If I remember correctly, the heroine is in danger from one type of thugs, gets abducted by the hero who pretends to be a different kind of thug, too, for her own good, no explanations are given to her on anything, and the thing is great love. it felt like prisoners Stockholm with extra cruelty thrown in, and the passion came out of nowhere and felt all wrong – I skimmed and skipped and truly hated it. As this series is on book 5 or so, I guess that was 5 years back. Hazy facts, strong memory of truly hating the book.
So I cannot recommend her, only give my current views.
Curious how she held up for others, if people here are still reading her or not.

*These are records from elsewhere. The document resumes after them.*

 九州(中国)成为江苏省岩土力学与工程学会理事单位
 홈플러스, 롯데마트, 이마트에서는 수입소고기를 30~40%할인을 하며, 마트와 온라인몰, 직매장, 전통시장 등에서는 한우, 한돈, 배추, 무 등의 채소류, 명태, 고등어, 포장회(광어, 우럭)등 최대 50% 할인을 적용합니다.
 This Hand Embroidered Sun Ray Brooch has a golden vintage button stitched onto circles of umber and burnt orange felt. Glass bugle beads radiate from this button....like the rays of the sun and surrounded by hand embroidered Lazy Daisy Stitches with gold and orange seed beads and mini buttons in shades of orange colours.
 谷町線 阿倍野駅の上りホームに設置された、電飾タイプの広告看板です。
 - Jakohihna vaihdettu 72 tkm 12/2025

Hah! Funny you should ask. I wasn’t reading romances in 1999 but when I started about five years later, Feehan was an author I checked into. Like Lieselotte, the first book in the series seemed like an ok enough read to try the sequels, but I quickly tired of them. I enjoyed the first book in the series enough to keep it, until just a few weeks ago when I reread it. Today, it reads like pages and pages of she’s in denial about being his bond mate. I didn’t finish the reread.
It’s funny how certain books just don’t hold up. I’ve been a long time fan of Jayne Ann Krentz and I started reading one of her really old ones I had never read before the other day. I think it may have been published under Stephanie James it’s so old. Oh my goodness. The “hero” was terrifying! The heroine actually ran out of her own place (well her mother’s place) to get away from him. Their first night together read more like a stalking and an assault even though he did finally get her to admit partway into it she “wanted “him too. I couldn’t finish it, and I’m not that easily upset by alpha or “un P.C.” behavior. If I had read that even back in the 80’s I would have hated it. I think the biggest problem was that it wasn’t even about some big supernatural warrior type creature. It was a contemporary and the guy was a neighbor of her parents. It was like “this is a perfectly normal way for a date to evolve”.

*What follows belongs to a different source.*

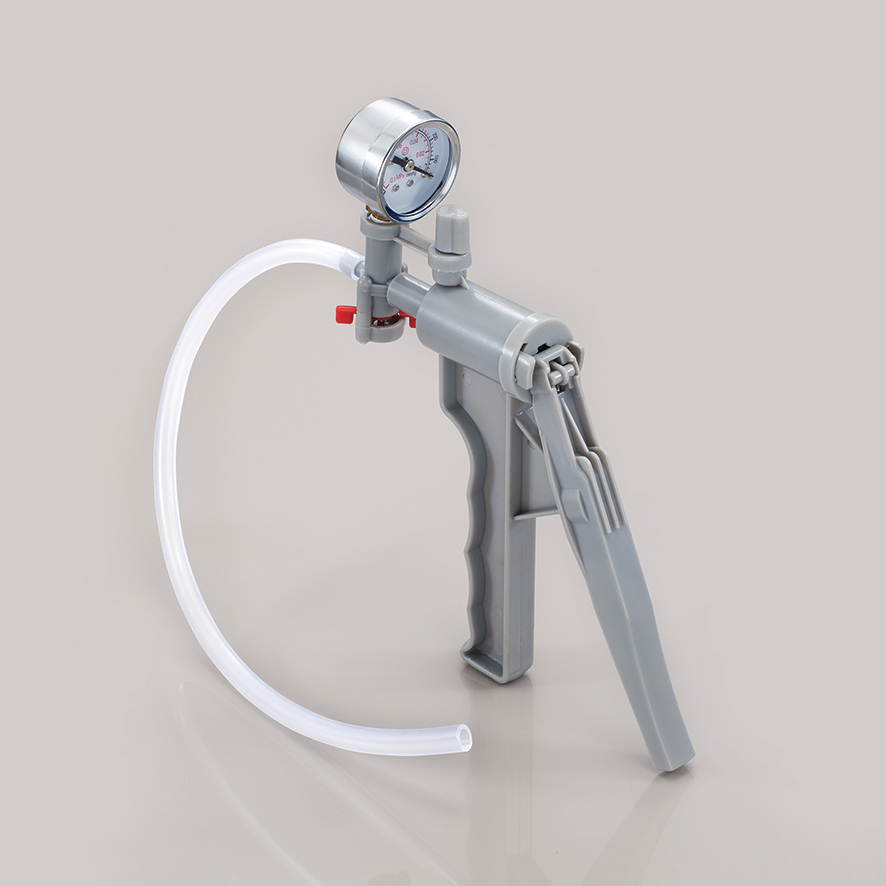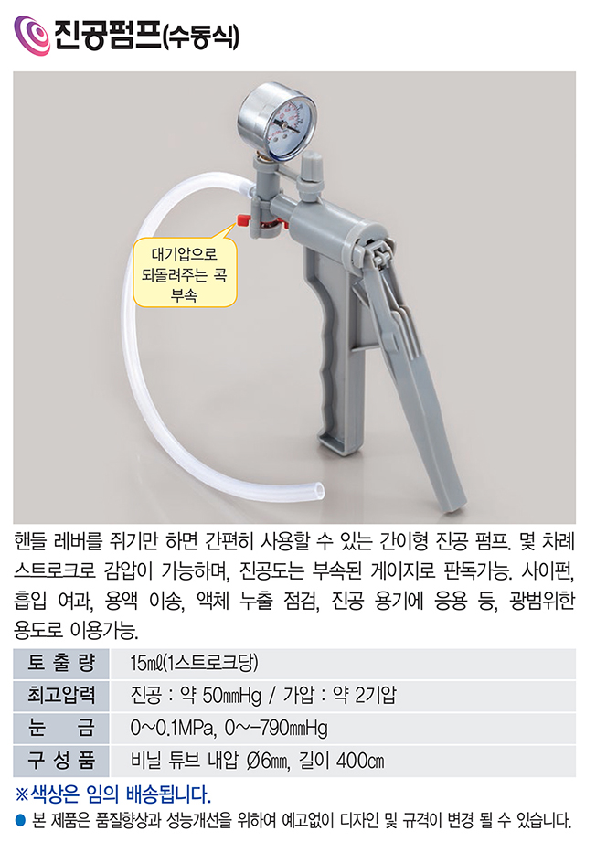 개요 : 핸들 레버를 쥐기만 하면 간편히 사용할 수 있는 간이형 진공 펌프, 몇 차례 스트로크로 감압이 가능하며, 진공도는 부속된 게이지로 판독가능. 사이펀, 흡입여과, 용액 이송, 액체 누출 점검, 진공 용기에 응용 등, 광범위한 용도로 이용 가능.

I’ve read them from the start, and I agree that many of the Carpathian books were very caveman. But (and ymmv) I think she’s done a much better job of having the heroines be stronger and the heroes be more “enlightened”? considerate? in the last several books. This hasn’t been the case in at least one of her other series (I don’t read all of them). But I’ve liked the Carpathians more as the world has expanded in the past few years.

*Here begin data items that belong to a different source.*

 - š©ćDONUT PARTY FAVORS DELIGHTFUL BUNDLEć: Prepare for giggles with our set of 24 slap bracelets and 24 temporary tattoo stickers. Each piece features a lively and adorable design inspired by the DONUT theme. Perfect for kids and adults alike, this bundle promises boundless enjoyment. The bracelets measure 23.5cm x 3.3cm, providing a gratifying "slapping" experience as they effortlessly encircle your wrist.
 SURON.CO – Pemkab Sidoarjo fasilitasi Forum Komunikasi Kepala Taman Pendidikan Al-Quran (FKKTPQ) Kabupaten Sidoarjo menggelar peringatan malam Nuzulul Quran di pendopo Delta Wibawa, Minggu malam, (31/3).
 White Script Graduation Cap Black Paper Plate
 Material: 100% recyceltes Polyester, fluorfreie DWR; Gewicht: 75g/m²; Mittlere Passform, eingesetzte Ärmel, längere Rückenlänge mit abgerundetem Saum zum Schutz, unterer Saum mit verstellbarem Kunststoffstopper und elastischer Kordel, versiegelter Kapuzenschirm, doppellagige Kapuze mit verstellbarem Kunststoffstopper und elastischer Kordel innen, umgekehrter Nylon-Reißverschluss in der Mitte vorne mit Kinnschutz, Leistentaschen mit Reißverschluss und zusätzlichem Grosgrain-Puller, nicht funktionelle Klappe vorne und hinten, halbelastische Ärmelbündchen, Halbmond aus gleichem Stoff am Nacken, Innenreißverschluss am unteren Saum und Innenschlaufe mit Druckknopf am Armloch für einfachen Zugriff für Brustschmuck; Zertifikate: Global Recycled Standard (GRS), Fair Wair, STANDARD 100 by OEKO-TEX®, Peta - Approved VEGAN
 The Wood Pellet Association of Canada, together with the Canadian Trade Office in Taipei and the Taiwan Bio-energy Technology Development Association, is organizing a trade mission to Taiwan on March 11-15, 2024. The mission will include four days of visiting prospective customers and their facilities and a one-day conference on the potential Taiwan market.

I recall reading many of these but the Robin Shone is the one I remember most! And the Judith Ivory. I wonder if they would stand up to the time test if I read them again? Afraid there are too many things in the current TBR pile to do it but maybe the Shone one day. BTW, I do enjoy reading these old columns from the past so thanks, everyone at AAR, for presenting them from time to time.
Ooops! Schone. Sorry.
They’re fun, aren’t they? I think the Way Back on Wednesday will become a regular weekly feature (except for TBR week) just like The ask@AAR now is.
The Lady’s Tutor doesn’t age well – a lot of the eeeeeeevil gay trope.
Judith Ivory definitely holds up for me. Her novels, especially some of the first ones like Bliss and Dance, were a breath of fresh air.